L’evento, che è stato trasmesso via Web su www.expocook2021.b2match.io, ha registrato un notevole numero di collegamenti.






13 commenti su “A ExpoCook Online Experience la storia del Cioccolato di Modica”
A Modica è invalsa la credenza che più ripeti una bugia più questa diventi verità. Si spera che allo stesso modo ribadire la verità questa non diventi bugia, per cui è meglio precisare che a Modica non esiste nessun Consorzio di Tutela del Cioccolato IGP, ovvero esiste un’associazione di produttori e rivenditori che si è costituita così, ma il Consorzio di Tutela, quello vero e riconosciuto dal Ministero delle Politiche Agricole non esiste e quindi di conseguenza non esiste neanche un Direttore. Aver fissato la data del 1746 della nascita del cioccolato a Modica è un falso, vogliamo chiamarlo storico, così non si offende nessuno? Perchè altrimenti bisognerebbe chiamarlo diversamente. Vogliamo anche dire che fino ad oggi l’IGP è stato soltanto uno strumento che ha penalizzato proprio i produttori e rivenditori associati all’associazione denominata Consorzio di Tutela (qualcuno anche per ben due volte pare), che sembra siano i più maldestri nell’usare questo “fantastico” strumento di tutela, considerati quanti sono stati i consumatori e produttori sanzionati dal CTA? Insomma l’IGP è diventato come un ficodindia, da dove lo tocchi ti pungi.

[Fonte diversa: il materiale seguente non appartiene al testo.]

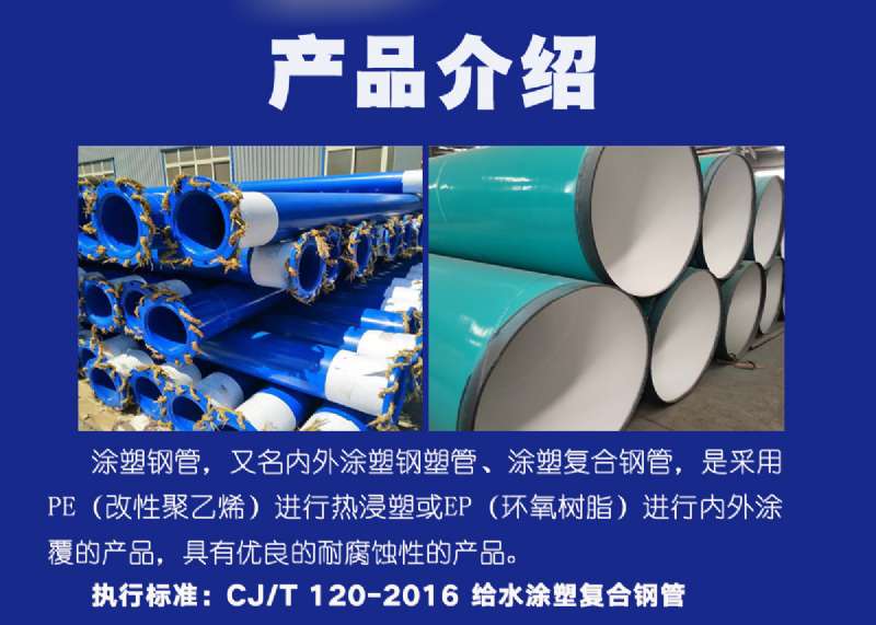涂塑鋼管,又名涂塑管、鋼塑復合管、涂塑復合鋼管,是以鋼管為基體,通過噴、滾、浸、吸工藝在鋼管(底管)內表面熔接一層塑料防腐層或在內外表面熔接塑料防腐層的鋼塑復合鋼管。

Artur quando si parla di cioccolato ti vengono i vermi senza mangiarlo!!! Chissà perché sempre ti lamenti…
@ Ninu;
“Artur” e come la volpe che non arriva a mangiare l’uva…
Ha condotto una guerra, e continua, contro il CTCM dopo esserne uscito nel 2005.
Ed avendo fatto uso di “colpi bassi”, ha il timore a rientrare…sempre ammesso che glielo permetteno.
Brutti scherzi dell’orgoglio…
Ninu e Certo che, vi risulta forse non vero che la del 1746 è un falso storico e che il Consorzio è solo un’associazione di imprese e non un Consorzio di Tutela e di conseguenza colui che si definisce Direttore del Consorzio di Tutela è solo il Direttore di un’associazione d’imprese, e che buona parte degli associati al non Consorzio sono stati tra i più controllati e multati dal CTA? Se così non vi risulta dimostratelo, oppure evitate di scrivere sgangherati, pretestuosi, se non evidenti e interessati sproloqui.
Artur sei patetico ormai.
Egregio Artur,
Non entro nel merito dei controllati e multati per ovvi motivi. Questo è solo un pretesto per fare adepti e vittimismo.
Quando parla del Direttore Nino Scivoletto, parla di una persona che, grazie al sottoscritto, ha avuto l’intuizione di credere il Lui e che poteva essere l’unica persone che poteva mettere in discussione il tentato golpe al Cioccolato di Modica.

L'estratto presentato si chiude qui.